We agree with the reviewer’s interpretation, but would amend that STX6 delays rather than completely prevents fibril formation at sub-stoichiometric ratios.

2) However, the data to show that STX6 interacts with PrP in-vivo (both in its monomeric and aggregated form) is lacking. The co-localization of Syntaxin-6 in the PrP aggregates isolated from clinical samples (patient samples) would be a crucial validation of the observations made in-vitro i.e, Interaction of Syntaxin-6 with PrP aggregates. While this may be complicated, it will be difficult to interpret the observations made in vitro in the absence of in vivo data.

We agree with the reviewer that in vivo interaction data are key to demonstrating the physiological relevance of STX6 in prion disease. As discussed above, we have therefore performed FRET imaging in scrapie-infected murine cells to demonstrate interaction between both proteins in vivo.
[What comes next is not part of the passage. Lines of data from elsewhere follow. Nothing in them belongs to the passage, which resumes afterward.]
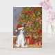 Diese Weihnachtskarte zeigt ein Aquarellbild eines tri gefärbten Cavalier King Charles Spaniel Hundes mit einer Weihnachtsmannmütze, die unter einem Weihnachtsbaum sitzt.
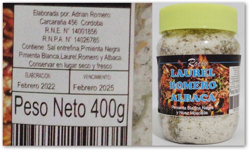 El producto incluía laurel, romero, albahaca, pimienta blanca y negra, y nuez moscada, fue elaborado en febrero de 2022 y tenía vencimiento para el mismo mes de 2025. En su etiquetado figuraba como producido en la ciudad de Córdoba, sin embargo, la Dirección General de Control de la Industria Alimenticia de la provincia advirtió que no se registran establecimientos habilitados en esa dirección.
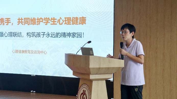 在心理健康培訓(xùn)活動中,學(xué)院邀請了心理健康教育及咨詢中心主任鄧聽圍繞新生步入大學(xué)可能會遇到的挑戰(zhàn)、家長對學(xué)生心理健康的關(guān)心關(guān)注方式及學(xué)生遇到困難家長如何應(yīng)對等方面開展培訓(xùn)。
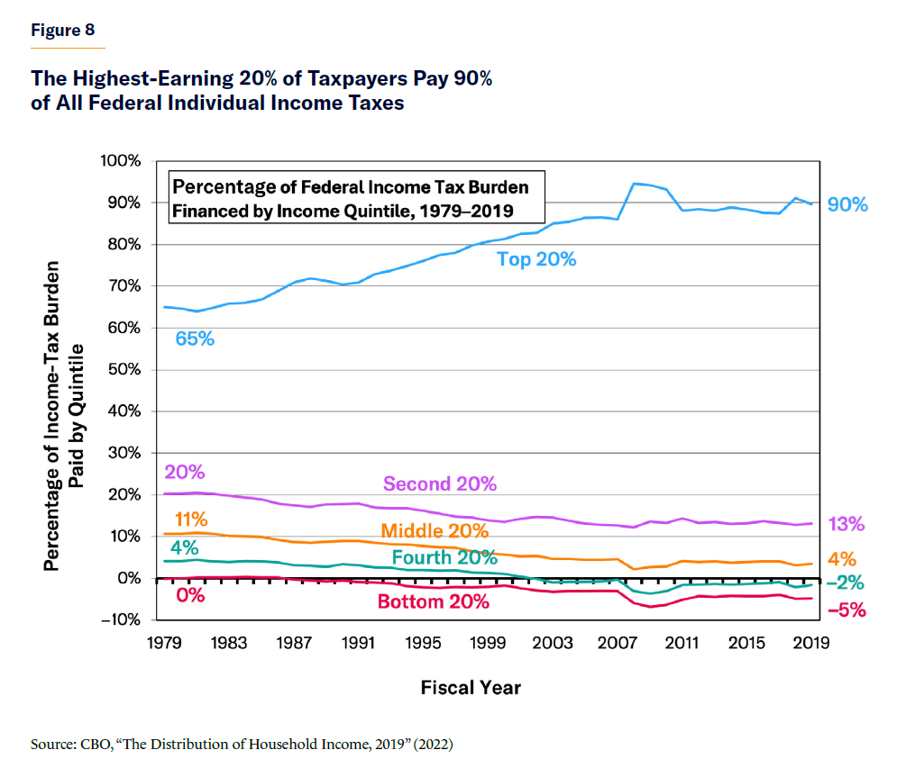 The conspiratorial populism that characterizes modern politics often suggests that virtually all government policies are designed to benefit the wealthy at the expense of everyone else. The tax policy version of this view is that wealthy families pay less in taxes than the middle class. This narrative is very common but spectacularly false.

The forthcoming corresponding study from the Mead laboratory (https://doi.org/10.1101/2023.01.10.523281) shows histopathological data of STX6 deposition in scrapie infected mice. A histopathological analysis of brain autopsies of CJD patients lies beyond the scope of the biophysical study presented in this manuscript.

3) And more importantly, the article could be further strengthened by more robust biochemical analysis into the mechanism of how STX6 interacts with PrP.

We fully agree with the reviewer on this point. The native aggregaton assay developed in this manuscript now provides us with the tools to do so, and a NMR-based study on the molecular interaction between STX6 and PrP will be the subject of a forthcoming manuscript.

4) Following up on point 3, the authors may investigate whether STX6 interaction facilitates release of PrP from cells similar to tau (Lee et al. 2021).

This is an excellent suggestion. The cell to cell transfer of prions is still poorly understood and is an active topic of ongoing research in the MRC Prion Unit.

5) In the TEM micrographs, it is very hard to locate the aggregates (Figure 2F and S4B). But for the ease of understanding of general reader, it is important to show presence of both the aggregate and the colocalization of STX6 in the immunogold staining.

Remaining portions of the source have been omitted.